19:50
Dominus Vobiscum.
746
58. SERMÃO - OITAVO SERMÃO SOBRE A PAIXÃO DO SENHOR (São Leão Magno) 1. Recordação do sermão anterior. Prisão de Jesus Caríssimos, em nosso último sermão percorremos os acontecimentos que precederam …Mais
58. SERMÃO - OITAVO SERMÃO SOBRE A PAIXÃO DO SENHOR (São Leão Magno)

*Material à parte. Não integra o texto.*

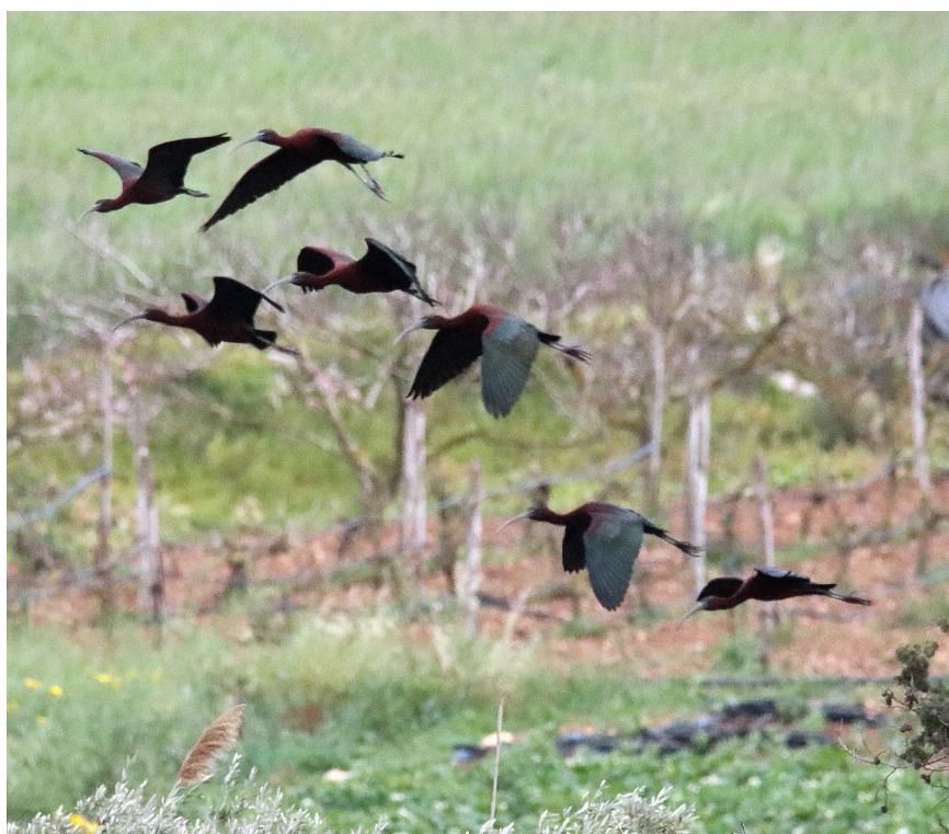
Fig. 05. Glossy Ibis (Simar NR, 5 Apr)

In spring, regular sightings from 20 Mar to 28 May, mostly single or low double figures, max. 37 at Kemmuna, 15 at Ħal Far on 24 Apr and 15 at Simar NR on 14 May. Up to 4 present at Simar NR throughout Jun and Jul. In autumn, regular sightings from 12 Aug to 26 Oct, mostly single or low double figures, max. 40 at Valletta on 14 Aug, 23 at Buskett on 30 Aug and 26 at Blata

1. Recordação do sermão anterior. Prisão de Jesus
Caríssimos, em nosso último sermão percorremos os acontecimentos que precederam a prisão do Senhor; resta-nos agora, com a ajuda da graça de Deus, expor-vos, segundo nossa promessa, o desenrolar da paixão. Ora, o Senhor tinha manifestado, nos termos de sua oração sagrada, que a natureza humana e a natureza divina existiam nele de modo veríssimo e pleníssimo, mostrando de onde lhe vinha o desejo de não sofrer e de onde o de sofrer. Mas, uma vez expulso o tremor próprio da fraqueza e confirmada a grandeza de alma, própria do poder, ele retomou a decisão do plano eterno; ao furor do diabo, que se exercia por meio dos judeus, ele opôs sua condição de servo totalmente isento de pecado; assim a causa de todos seria defendida pelo único no qual se encontrava, sem a falta, a natureza de todos. Os filhos das trevas se precipitaram, pois, sobre a verdadeira luz e, usando tochas e lanternas, não escaparam da noite de sua infidelidade, porque não discerniram o autor da luz.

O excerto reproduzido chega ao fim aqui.